I don't buy it. She allowed her first son to get involved in all sorts of danger and put herself in a fair bit of it too. Picard was also in a ton of danger long before the Romulan crisis. She then goes and puts Jack in an absolute bag load of danger anyway.
Only in extreme danger once Vadic and Co started chasing them.
 
Only in extreme danger once Vadic and Co started chasing them.

I'd cite it as simple blindness to the situation. She tried to go out and do good with him after losing 2 family members to the stars and risked also going through that pain for a third and even fourth time. So much so she ran outside of The Federation seemingly to do so and cut off contact from every close friend she seemingly had.

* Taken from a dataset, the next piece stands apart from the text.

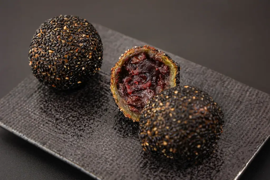 漆黒の新作を含む、三種の胡麻団子を一度に味わう提案

There was still danger (shown by Jack bribing the Rangers) but significantly less than a new space anomaly every week.
 
Earth is pretty safe. Picard had already resigned and was at the vineyard. The most dangerous thing about that life is getting a few thorns on your hands from the vines. Oh my, such a dangerous lifestyle...

That excuse of constant danger holds no weight once he resigned. Especially when she's out there on the frontier with Jack.